A busca por conexões reais fez da vulnerabilidade o principal fator de atração romântica para 31% dos jovens da geração Z no Brasil, que priorizam a segurança para mostrar suas particularidades e inseguranças logo no início das conversas. Os dados são de uma pesquisa inédita do aplicativo de relacionamentos Hinge, realizada com 2 mil usuários no país entre dezembro de 2025 e janeiro de 2026.

O estudo joga luz sobre uma mudança de comportamento global desse grupo, que tenta superar o medo do julgamento alheio para abandonar a era dos namoros performáticos e construir laços mais profundos no ambiente digital.

O que você precisa saber

Nesse novo cenário, a transparência deixou de ser um mero diferencial e passou a ser uma expectativa real desde o primeiro contato virtual. Ao contrário das gerações anteriores, que costumavam filtrar defeitos e focar em respostas milimetricamente calculadas para impressionar o par, a gen Z quer saber de antemão se vale a pena investir tempo e se abrir. A dinâmica inverte a lógica tradicional dos aplicativos de namoro, transformando o que antes era visto como fraqueza ou exposição excessiva em um poderoso imã de interesse mútuo.

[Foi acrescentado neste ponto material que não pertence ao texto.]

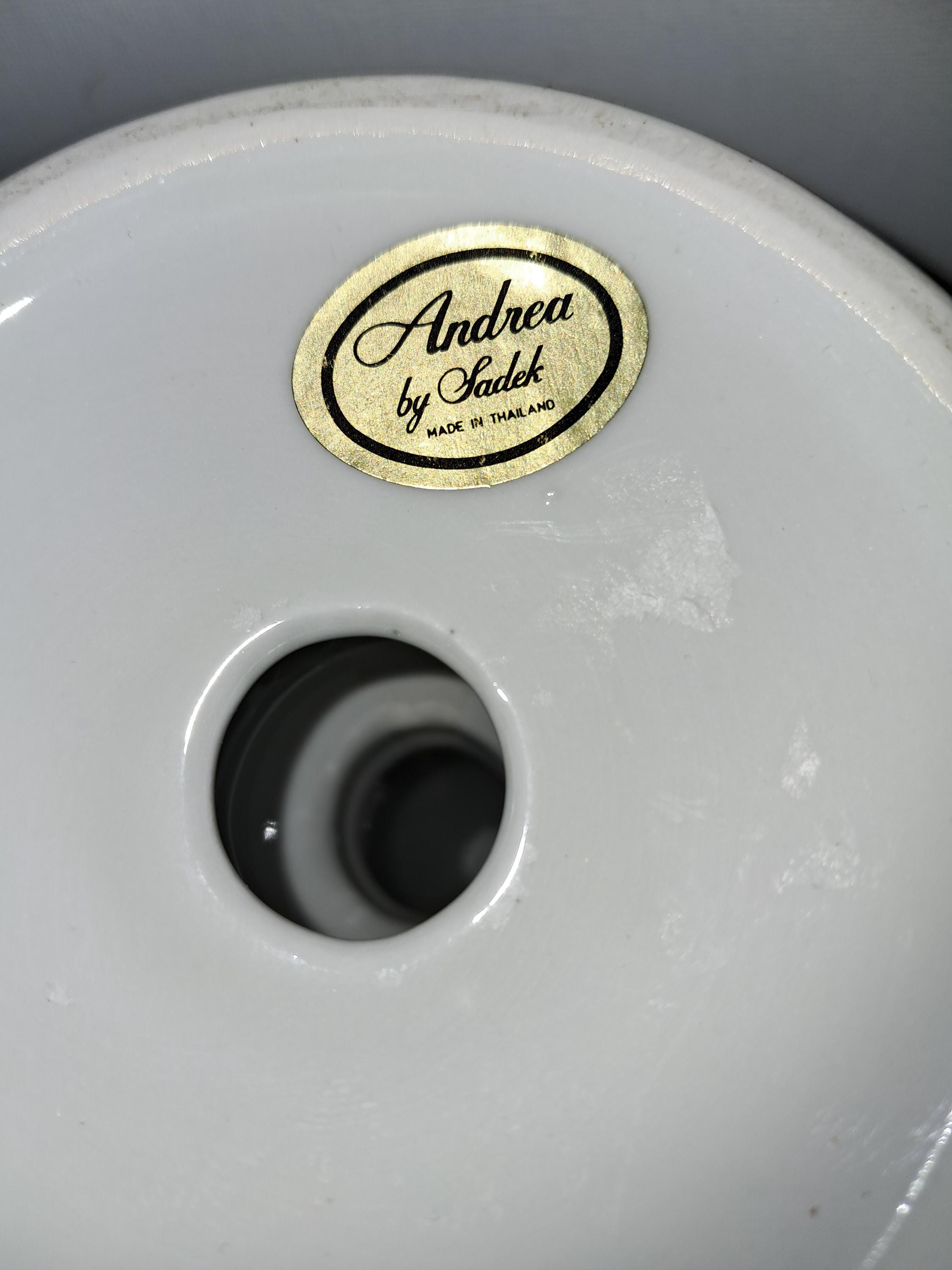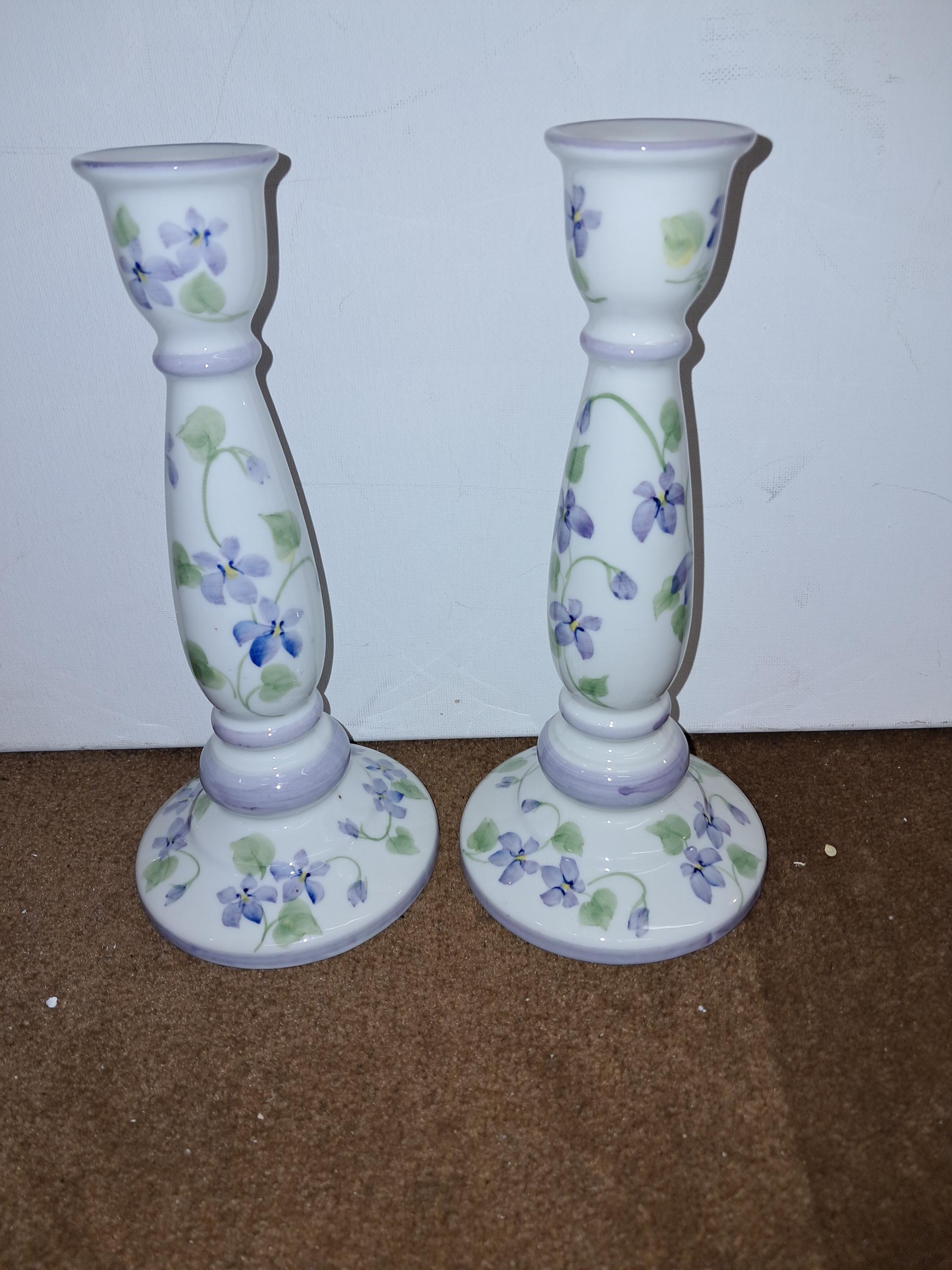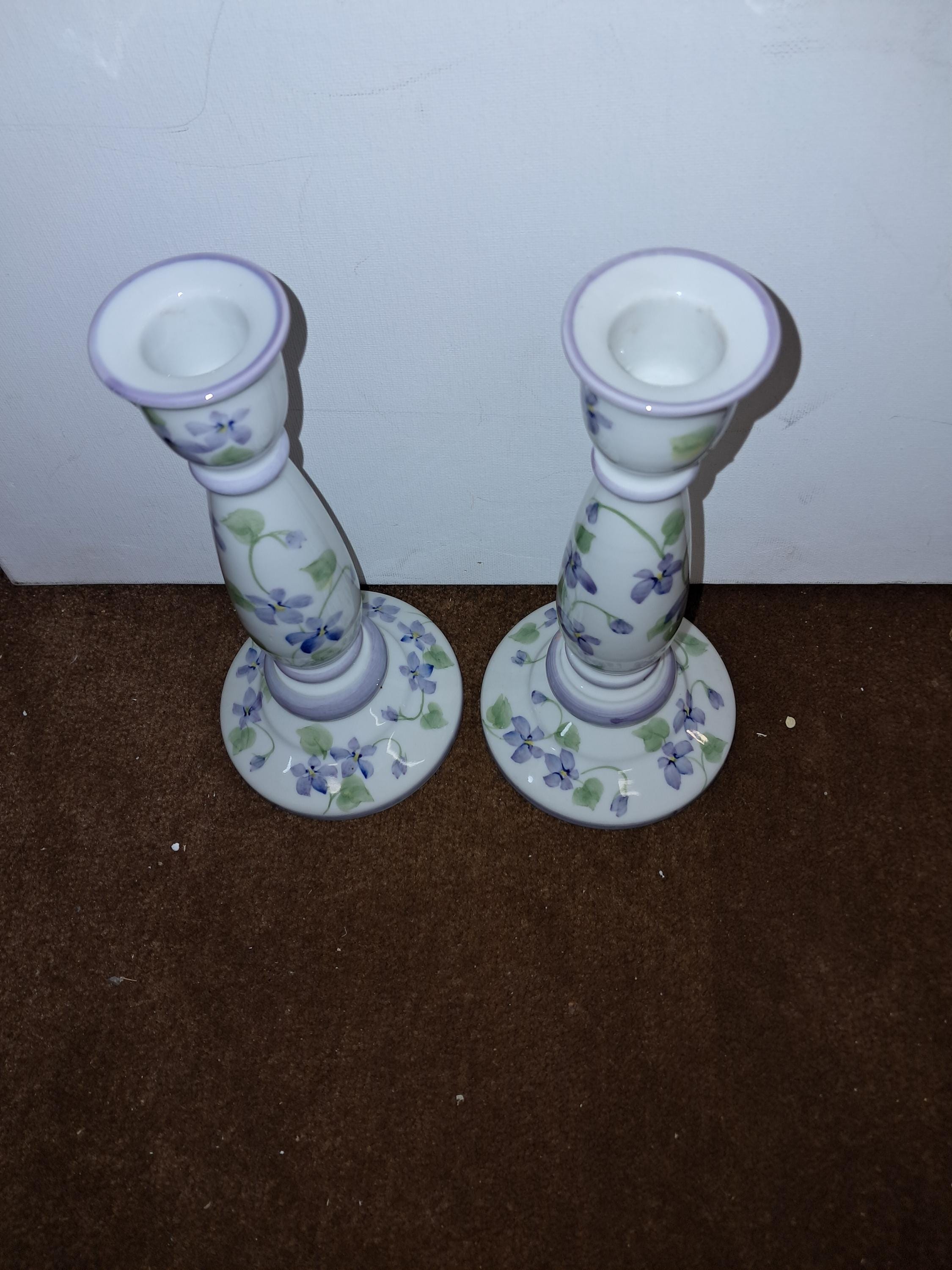 Andrea by Sadek Candle Holders White surface with Purple color flowers Ceramic8" tall x 3.75" at base Excellent Condition , Never used

O estudo, divulgado em novembro do ano passado, mostrou que 84% da geração Z quer encontrar novas formas de construir conexões mais profundas

O fim dos relacionamentos de vitrine

A virada de comportamento liderada pelos mais novos sepulta a antiga lógica da performance nas redes e plataformas de encontros. Por muito tempo, os usuários se valeram de táticas para causar a impressão ideal, escolhendo a foto perfeita e sustentando diálogos artificiais para parecerem mais interessantes.

“Quando há uma diferença entre a forma como achamos que deveríamos agir e nos comunicar e a forma como realmente queremos nos expressar, os encontros podem se tornar menos genuínos e satisfatórios”, avalia Moe Ari Brown, psicólogo de casais e especialista em amor e conexões do Hinge. Para ele, as conexões ganham força quando ambas as partes se sentem livres para participar da maneira que desejam.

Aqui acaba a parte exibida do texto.